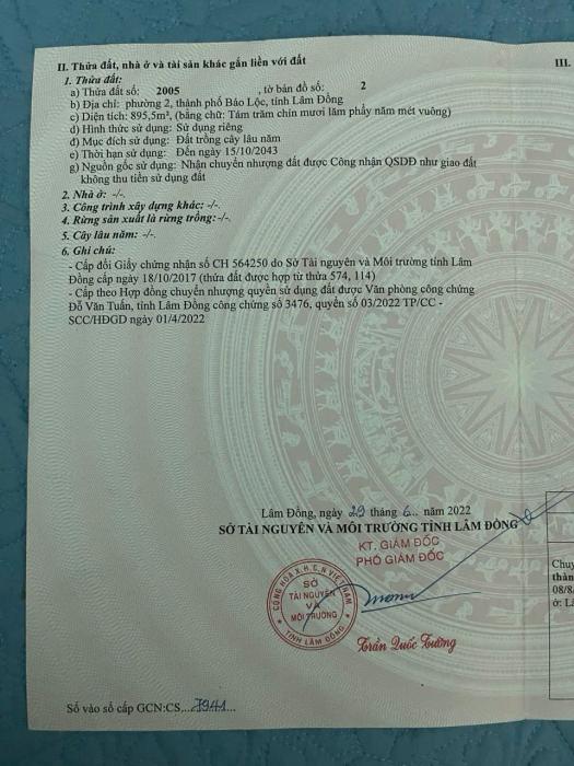 Diện tích: 895 m2 Giá: 7,000,000,000 Vnđ Quận/Huyện: Thành phố Bảo Lộc Tỉnh/Thành phố: Lâm Đồng
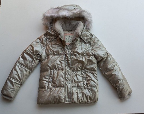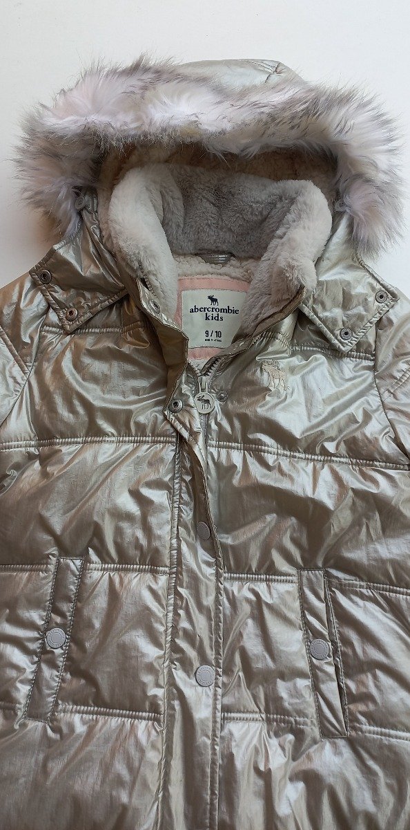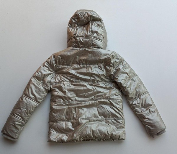 Campera de abrigo en color plateado. Tiene capucha con corderito y el interior del cuerpo en el mismo material. Talle 9-10 años. Medidas: ancho de hombro 38 cm, largo de manga 56 cm, largo total 56 cm. COMO NUEVO
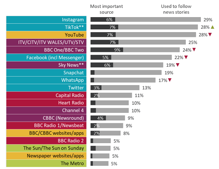 Nová zpráva britského regulátora Ofcom ukazuje, že u věkové skupiny 12–15 let klesá oblíbenost tradičních zpravodajských kanálů jako zdrojů zpráv. Naopak sociální sítě jsou navzdory nízké důvěře stále na vzestupu. Jako primární zdroj zpráv je vyhledává čím dál více teenagerů a poprvé dokonce zaujaly Instagram (29 %), TikTok (28 %) a YouTube (28 %) první tři příčky na čele žebříčku hlavních zpravodajských kanálů u dětí ve věku 12-15 let ve Spojeném království. Za poslední rok narostl zejména TikTok.

------------------------------------------------------------------------

**ABOUT THIS EXERCISE:**
Please transcribe the listing above verbatim and exclude every picture.

**RESULT OF THE EXERCISE:**
 Diện tích: 895 m2 Giá: 7,000,000,000 Vnđ Quận/Huyện: Thành phố Bảo Lộc Tỉnh/Thành phố: Lâm Đồng
 Campera de abrigo en color plateado. Tiene capucha con corderito y el interior del cuerpo en el mismo material. Talle 9-10 años. Medidas: ancho de hombro 38 cm, largo de manga 56 cm, largo total 56 cm. COMO NUEVO
 Nová zpráva britského regulátora Ofcom ukazuje, že u věkové skupiny 12–15 let klesá oblíbenost tradičních zpravodajských kanálů jako zdrojů zpráv. Naopak sociální sítě jsou navzdory nízké důvěře stále na vzestupu. Jako primární zdroj zpráv je vyhledává čím dál více teenagerů a poprvé dokonce zaujaly Instagram (29 %), TikTok (28 %) a YouTube (28 %) první tři příčky na čele žebříčku hlavních zpravodajských kanálů u dětí ve věku 12-15 let ve Spojeném království. Za poslední rok narostl zejména TikTok.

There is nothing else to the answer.